DATASET SECTION:
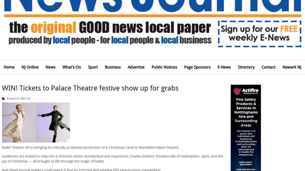 A family prize consisting of four tickets to see Ballet Theatre UK's critically-acclaimed production of A Christmas Carol at Mansfield Palace Theatre. The show brings Charles Dickens’ classic tale to life through ballet, featuring sumptuous costumes and innovative choreography.
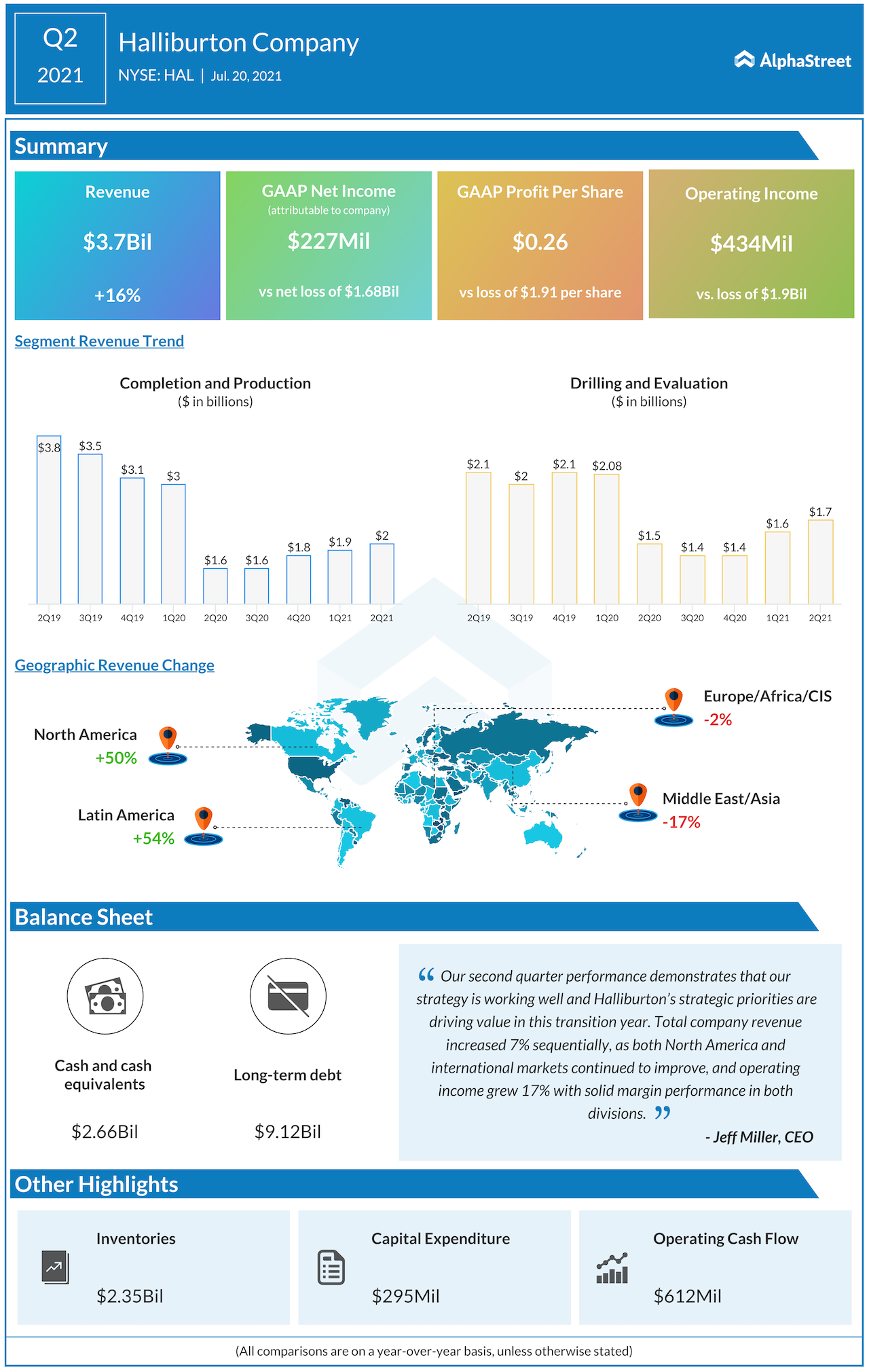 Halliburton (NYSE: HAL) reported second-quarter 2021 financial results before the regular market hours on Tuesday. The drilling equipment mammoth reported Q2 revenue of $3.7 billion, up 16% year-over-year, but short of the Wall Street projection. Meanwhile, net income of $0.26 per share was above the target that analysts had anticipated.
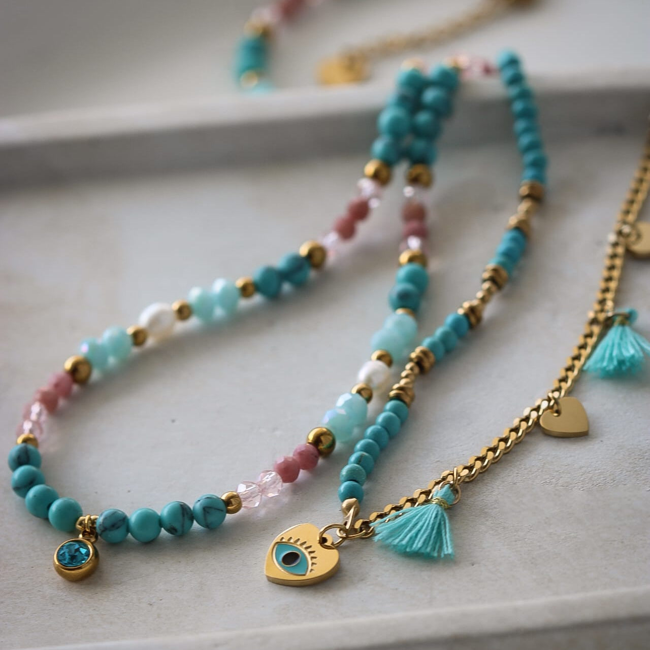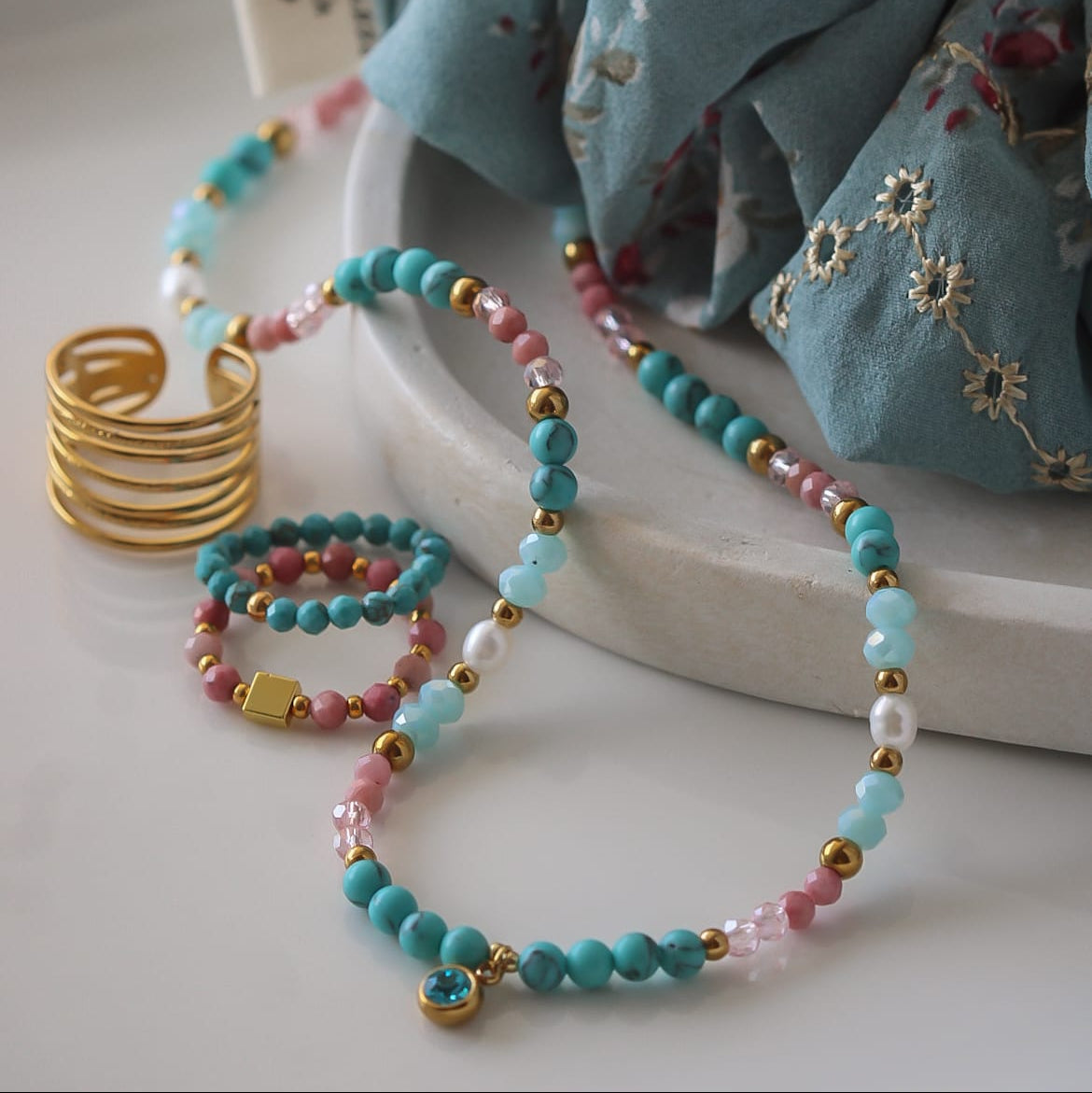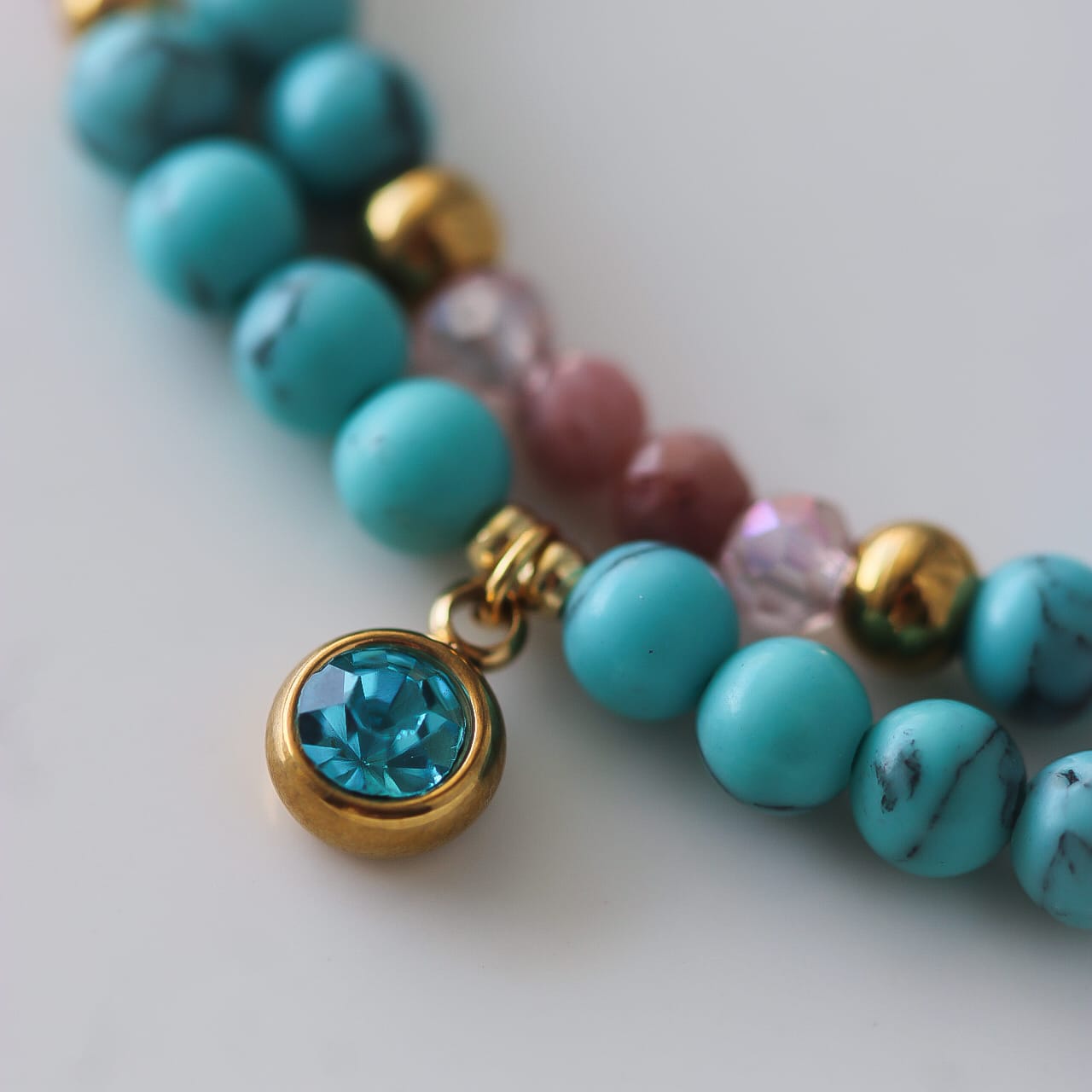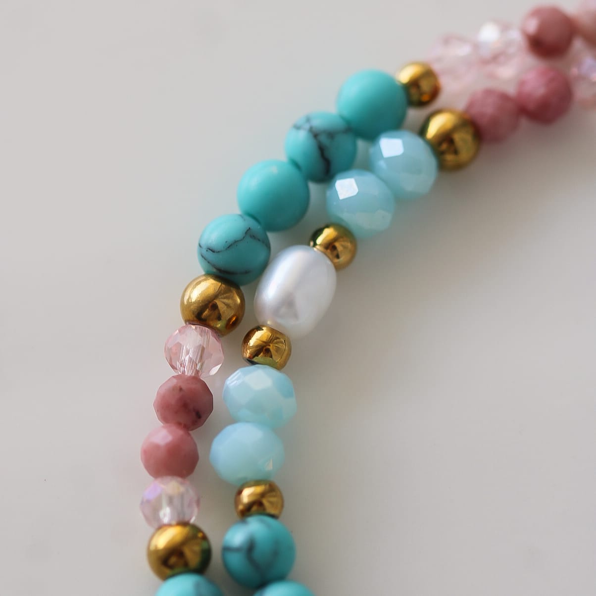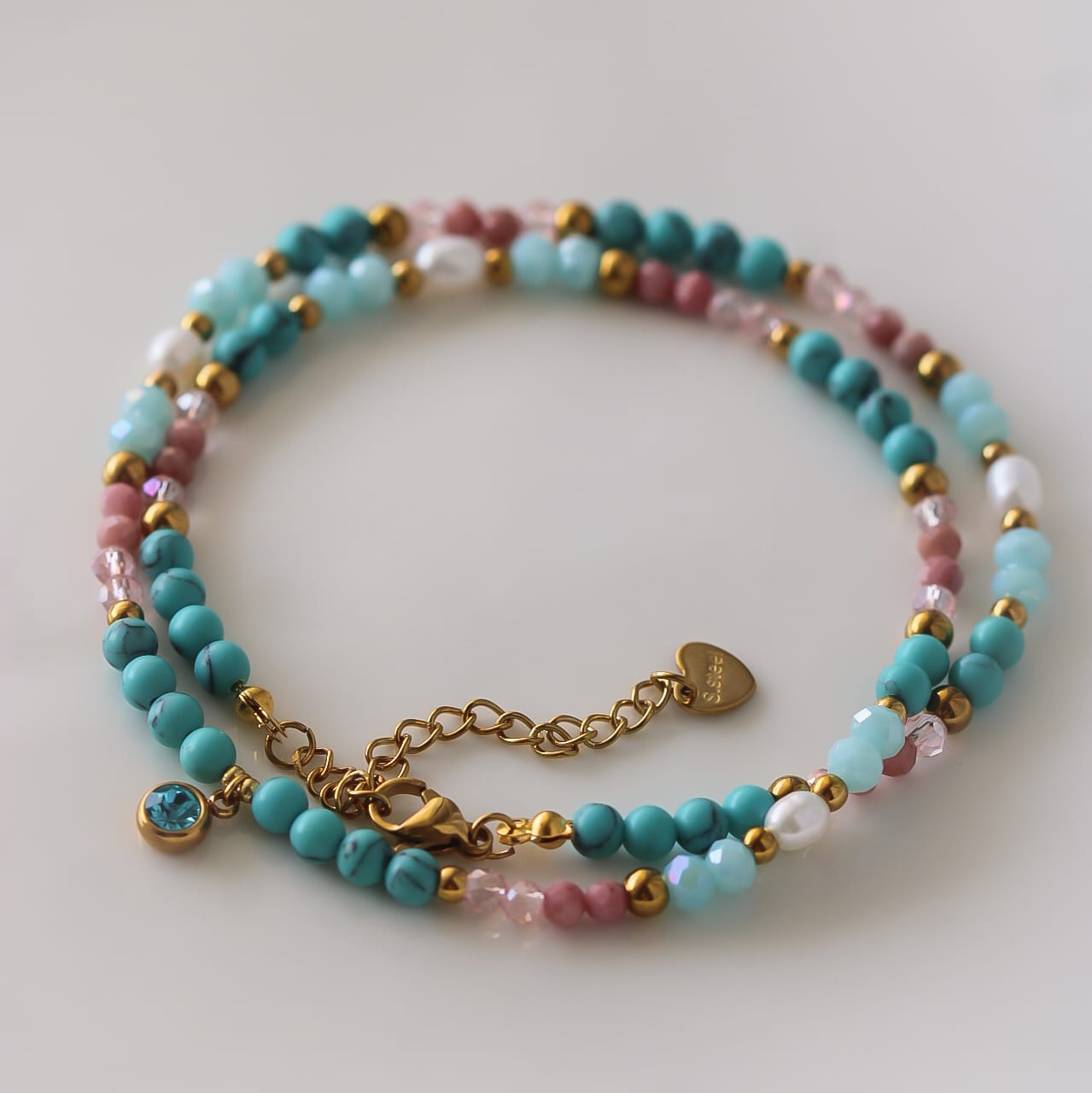 Material: Türkis, Rhodonit, vergoldeter Edelstahl, natürliche Perlen

WORK INSTRUCTIONS:
Leave out the pictures and reproduce the rest of the listing exactly.

SOLUTION FOR THIS TASK:
 A family prize consisting of four tickets to see Ballet Theatre UK's critically-acclaimed production of A Christmas Carol at Mansfield Palace Theatre. The show brings Charles Dickens’ classic tale to life through ballet, featuring sumptuous costumes and innovative choreography.
 Halliburton (NYSE: HAL) reported second-quarter 2021 financial results before the regular market hours on Tuesday. The drilling equipment mammoth reported Q2 revenue of $3.7 billion, up 16% year-over-year, but short of the Wall Street projection. Meanwhile, net income of $0.26 per share was above the target that analysts had anticipated.
 Material: Türkis, Rhodonit, vergoldeter Edelstahl, natürliche Perlen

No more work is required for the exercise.